Zimbabwe’s Allied Bank Ltd. had the manager of one of its branches in Harare assaulted by customers angered that a shortage of liquidity meant they were unable to withdraw cash.
No arrests were made following the Dec. 16 incident, which resulted in the doors of the branch being smashed, said Paul Nyathi, a spokesman for the police in the capital. Allied Bank was bought last year by Transport Minister Obert Mpofu after his investment company injected $23 million into the lender.
“We sincerely apologize for the inconvenience emanating from the prevailing cash shortage,” Allied Bank Chief Executive Officer Stephen Gwasira said in a statement yesterday. “The bank is making aggressive efforts to address the liquidity constraints.”
Lines also formed at Metropolitan Bank and Johannesburg-based Business Day newspaper reported that some Zimbabwe lenders have imposed limits on the cash clients can withdraw. The liquidity crunch partly results from the central bank not taking on the role of “lender of last resort,” said Sij Biyam, CEO of the Bankers Association of Zimbabwe.
“The main problem which is affecting most of these institutions is because of liquidity issues rather than solvency issues,” Biyam said in a phone interview from Harare. “The fault line is the absence of lender of last resort in the country, because there is no overnight lending.”
The southern African country’s central bank said in March that two or three banks were struggling to raise funds to meet part of a $100 million capitalization.
A call by Bloomberg to Metropolitan Bank wasn’t immediately answered.
Locally owned Zimbabwe lenders held deposits of about $3 billion, more than double the amount at seven foreign-owned banks, the central bank said in May.

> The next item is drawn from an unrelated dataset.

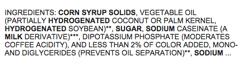 Tole so glavne sestavine umetne smetane za kavo:
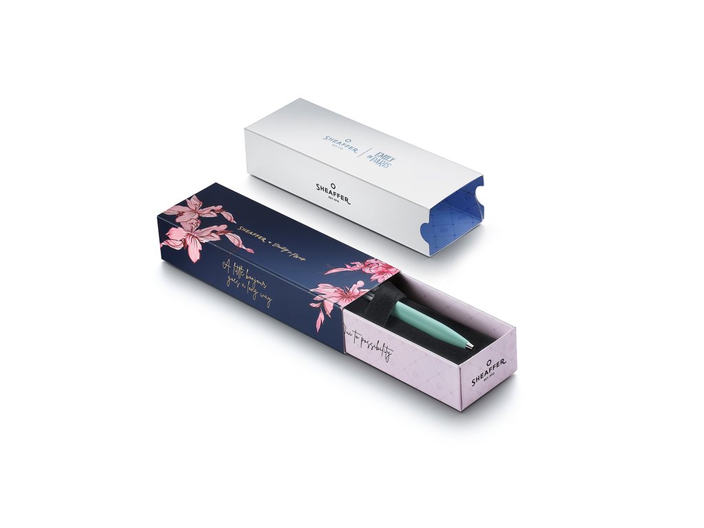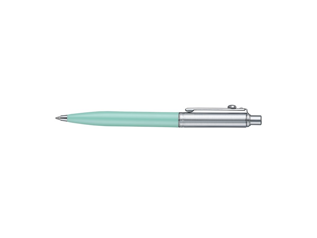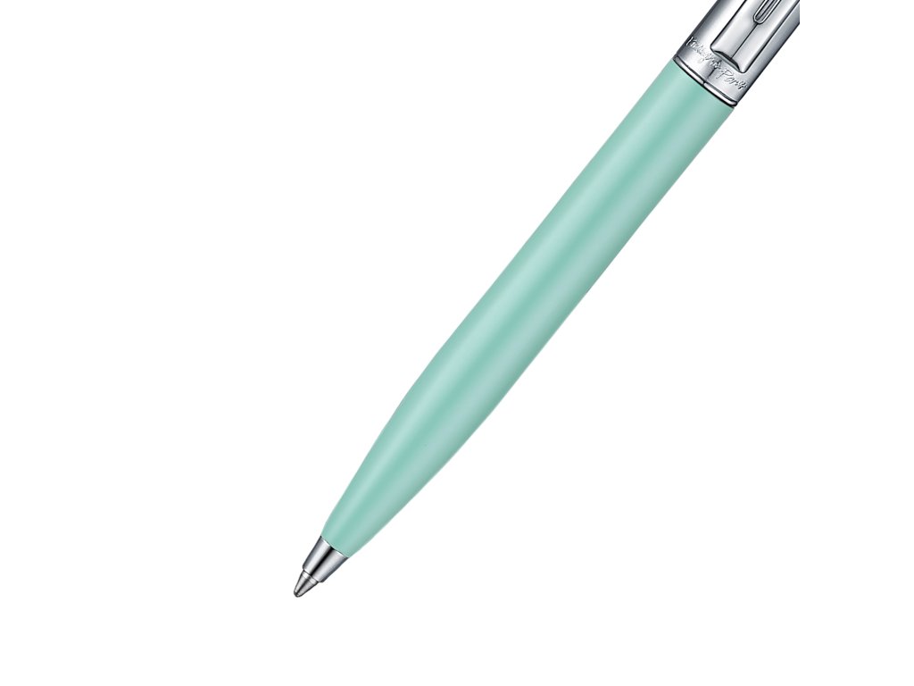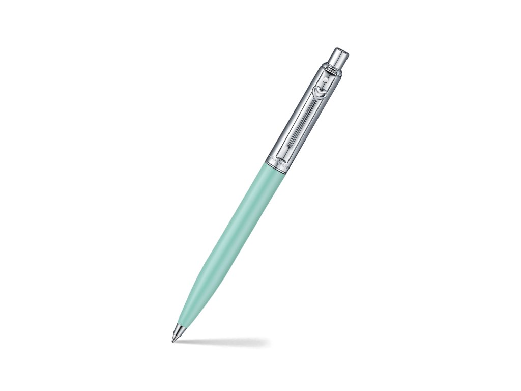 Pastelově zelené kuličkové pero Sheaffer Sentinel Emily in Paris přináší svěží, současný pohled na klasickou eleganci. Tělo pera má hebký matný povrch, který je příjemný na dotek a působí decentně, ale stále luxusně. Kontrastní leštěné chromované prvky dodávají psacímu nástroji čistý, profesionální vzhled vhodný do kanceláře, na pracovní jednání i do kabelky.

Foreign banks that operate units in the southern African nation include Barclays Plc (BARC) and Standard Chartered Plc (STAN), as well as South Africa’s Standard Bank Group Ltd. (SBK) and Nedbank Group Ltd. (NED)
Steward Bank isn’t affected by the “liquidity crisis” after the lender formerly known as TN Bank implemented restructuring, said Douglas Mboweni, CEO of its owner, Harare-based Econet Wireless Zimbabwe Ltd.
“We brought in experts who looked very carefully at what was needed to operate a bank successfully in a market with no lender of last resort,” he said. “We cleaned up the balance sheet, wrote off bad loans, and fully recapitalised the bank.”